- Kumbhraj Location in Madhya Pradesh, India Kumbhraj Kumbhraj (India)
- Coordinates: 24°22′N 77°03′E﻿ / ﻿24.37°N 77.05°E
- Country: India
- State: Madhya Pradesh
- District: Guna
- Elevation: 419 m (1,375 ft)

Population (2001)
- • Total: 14,055

Languages
- • Official: Hindi
- Time zone: UTC+5:30 (IST)
- ISO 3166 code: IN-MP
- Vehicle registration: MP

= Kumbhraj =

Kumbhraj is a town in Guna district in the Indian state of Madhya Pradesh.
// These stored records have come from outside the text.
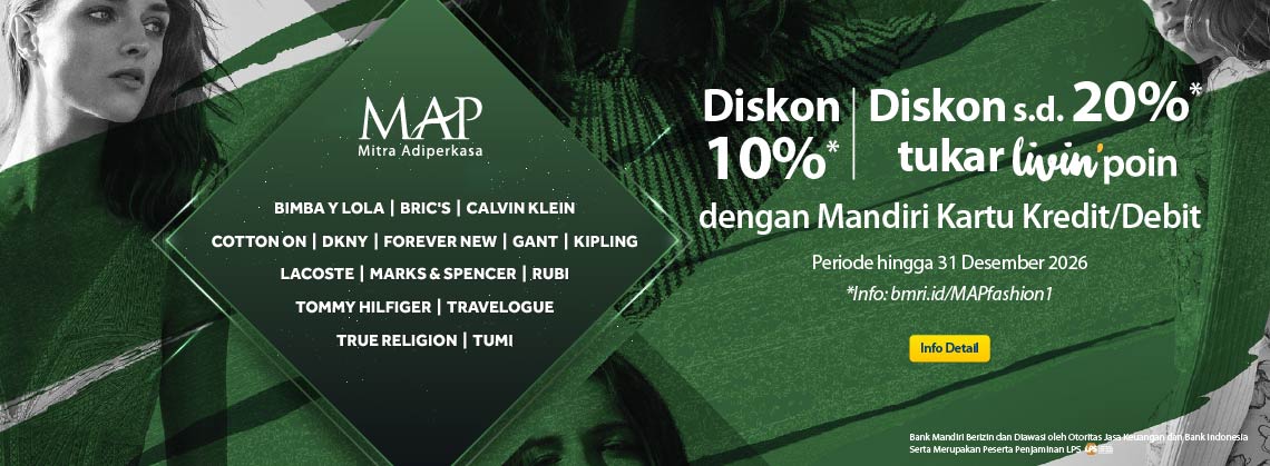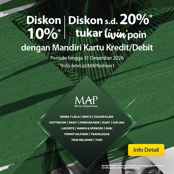 Diskon 10% + Diskon s.d. 20% Tukar Livin'poin dengan Mandiri Kartu Kredit/Debit Diskon 10% + Diskon s.d. 20% T...
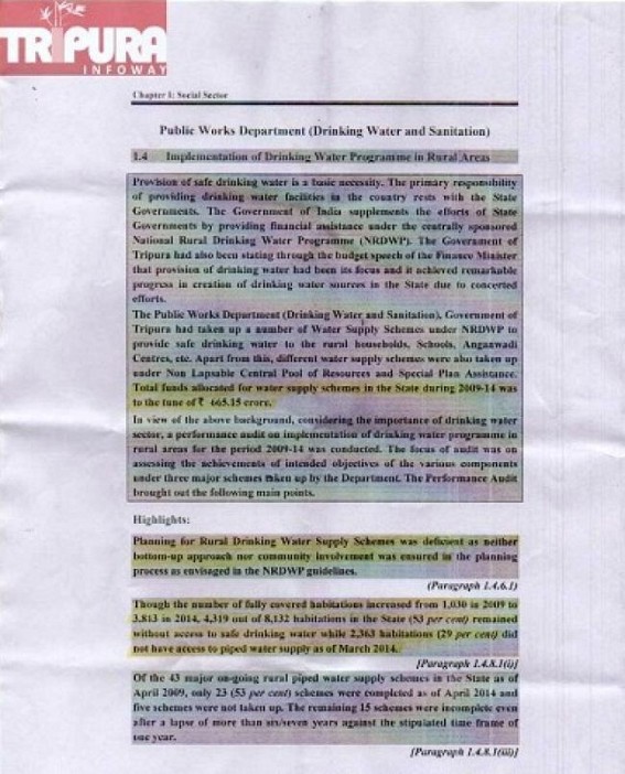 KAMALPUR, Nov 3 (TIWN): Often the State government trumpeted the demand that in spite of acute ‘central deprivation’ in different development works, the State attained an exemplary mark of development. Among other departments, it has been claimed that the Drinking Water and Sanitation (DWS) department have become able to cover the maximum numbers of habitations in the State with safe drinking water. But the reality of such demands and claims was revealed in the CAG Report 1 of 2015 of Govt. of Tripura. CAG revealed this report for the five years from 2009 to 2014.
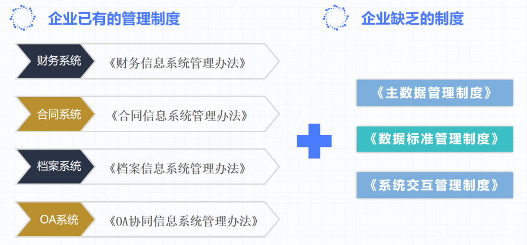 企業缺乏數據管理制度和標準,無法對數據進行有效管控;同時沒有專門的數據管控組織和人員,數據歸口職責部門不明確,造成數據質量差,數據錄入、交互不及時。
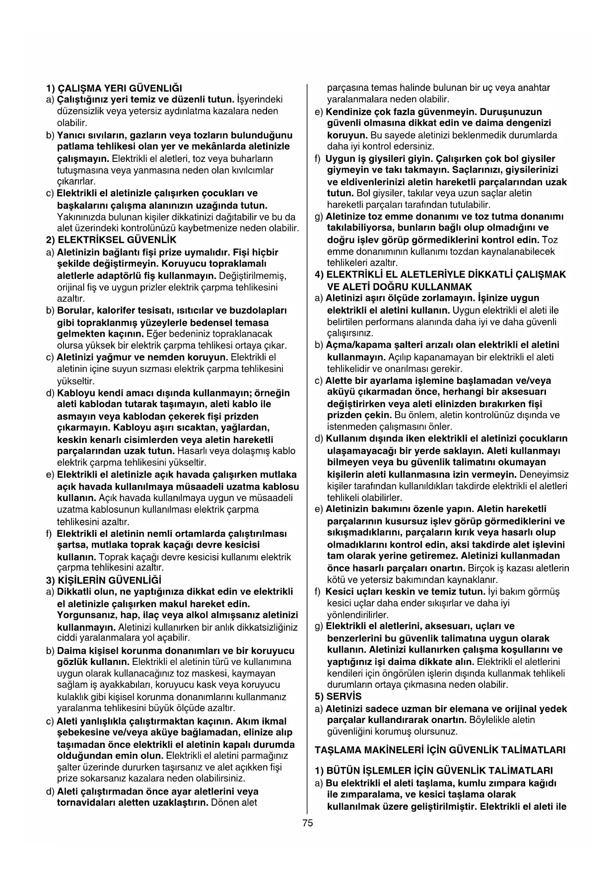 e) Elektriklielaletinizleaçıkhavadaçalışırkenmutlaka
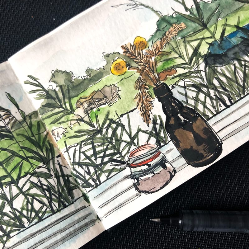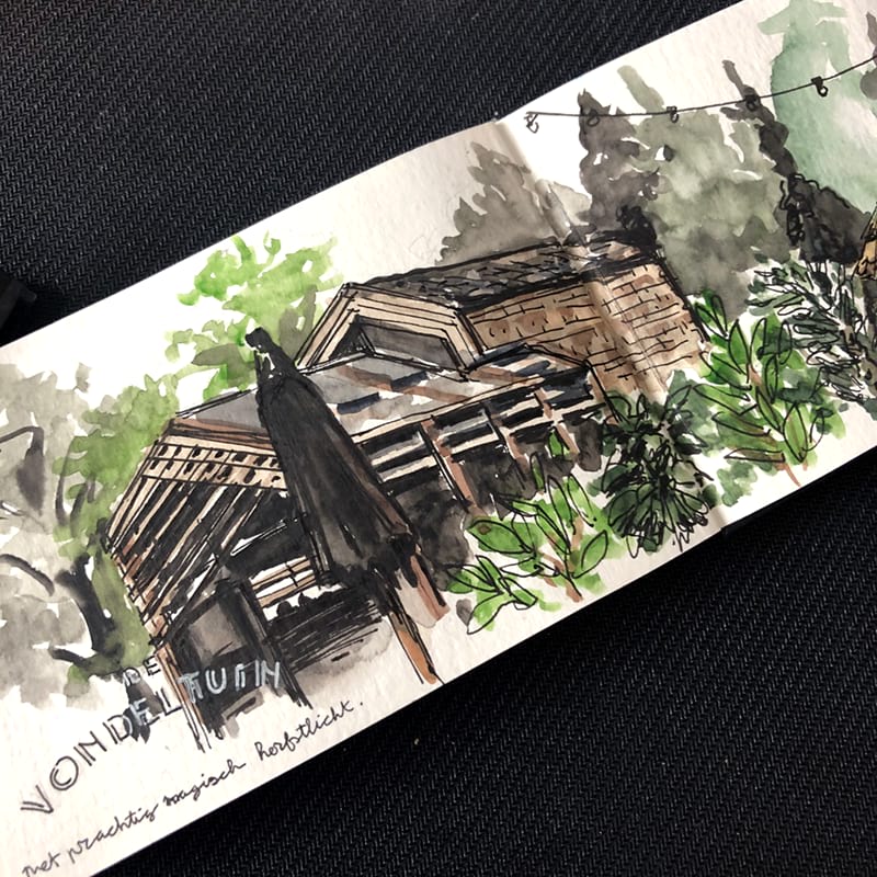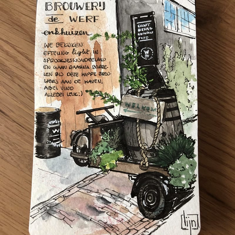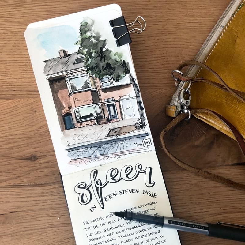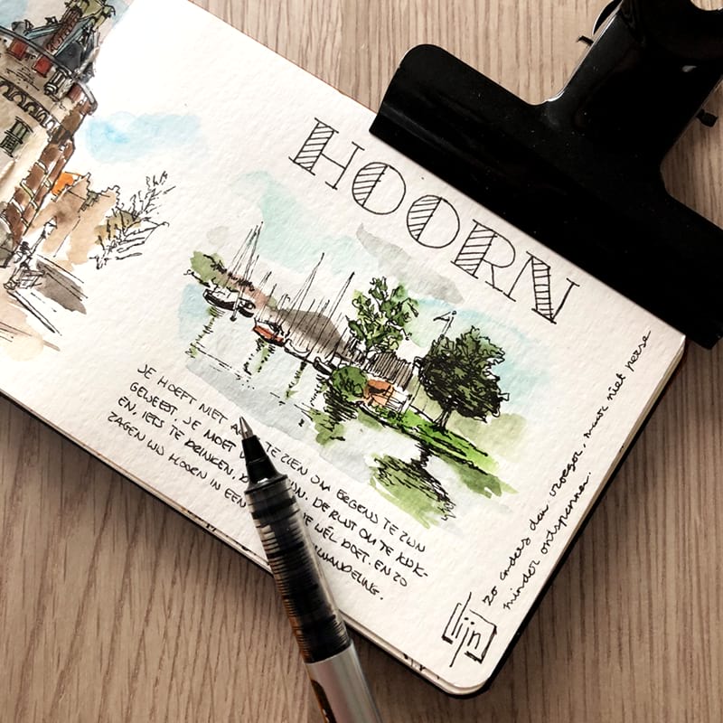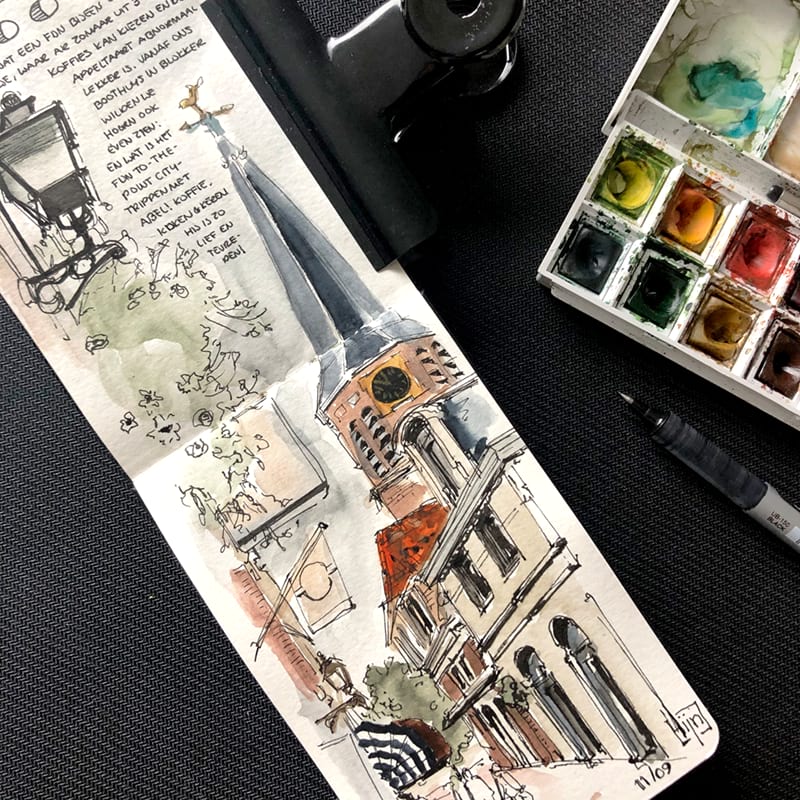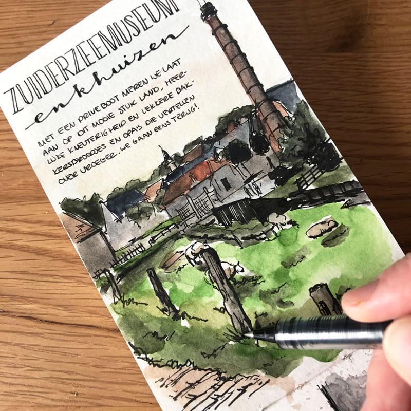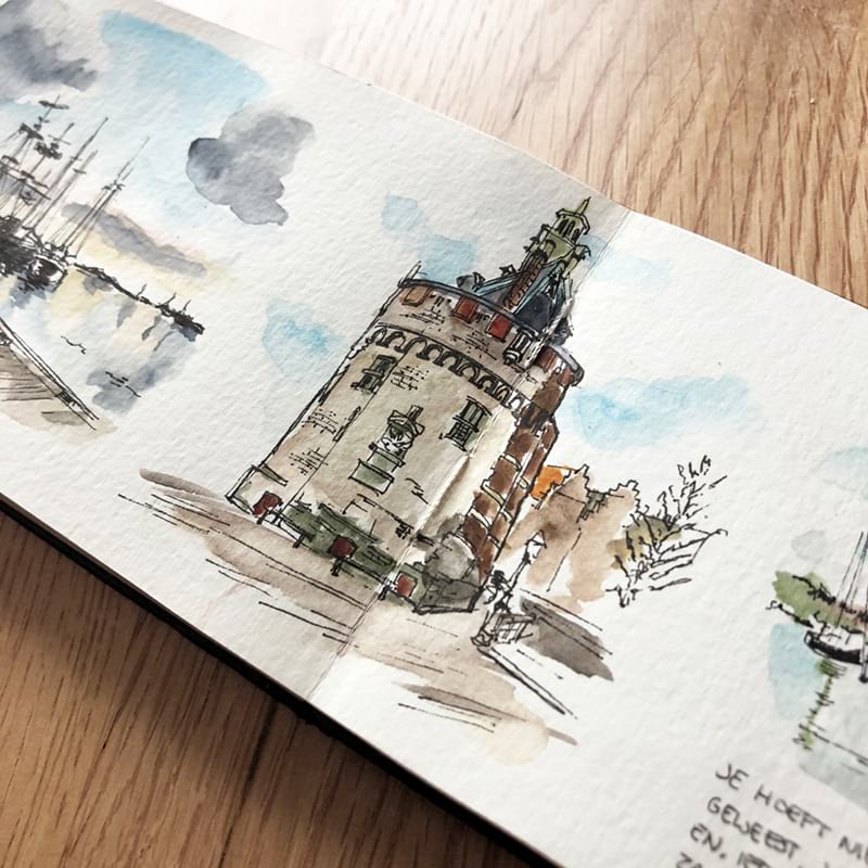 Vakantie – ook in eigen land – is altijd een zalige voedingsbodem voor mooie plaatjes tekenen. Gegarandeerd dat ik een travel sketchbook bijhoud als ik in een nieuwe omgeving ben. Een museum, terrasje, uitzicht, oude gevels en knusse straatjes, bootjes in het water: allemaal fijn om in inkt en verf op papier te hebben, dan alleen als plaatje in mijn telefoon. Dit jaar maakte ik daarom ook de workshop Travel Sketchbook online, want je trip(je) vangen in een sketchbook wil ik iedereen aanraden. Sterker nog, met het laten voorbij gaan van geweldige vakantie ervaringen door alleen snel een kiekje te schieten mis je echt alles! Teken je trip en ik beloof je zoveel meer voldoening en een zwik details die je anders nooit zag. Bekijk de workshop ook maar eens, geluk in een papieren boekje!

Kumbhraj is one of the largest producer of coriander seeds in the world. Many multinational companies like Tata procure coriander seeds from Kumbhraj. Kumbhraj name is given by Rana Kumbha.

==Demographics==
As of 2001 India census, Kumbhraj had a population of 14,055. Males constitute 52% of the population and females 48%. Kumbhraj has an average literacy rate of 57%, lower than the national average of 59.5%: male literacy is 67%, and female literacy is 45%. In Kumbhraj, 18% of the population is under 6 years of age. Kumbhraj city is famous for coriander.

==Geography==
Kumbhraj is located at the bank of river Parvati at. It has an average elevation of 419 metres (1,374 feet).

==Transportation==
Kumbhraj railway station is situated on Indore–Gwalior line under the Bhopal railway division.
The nearest airport is Gwalior.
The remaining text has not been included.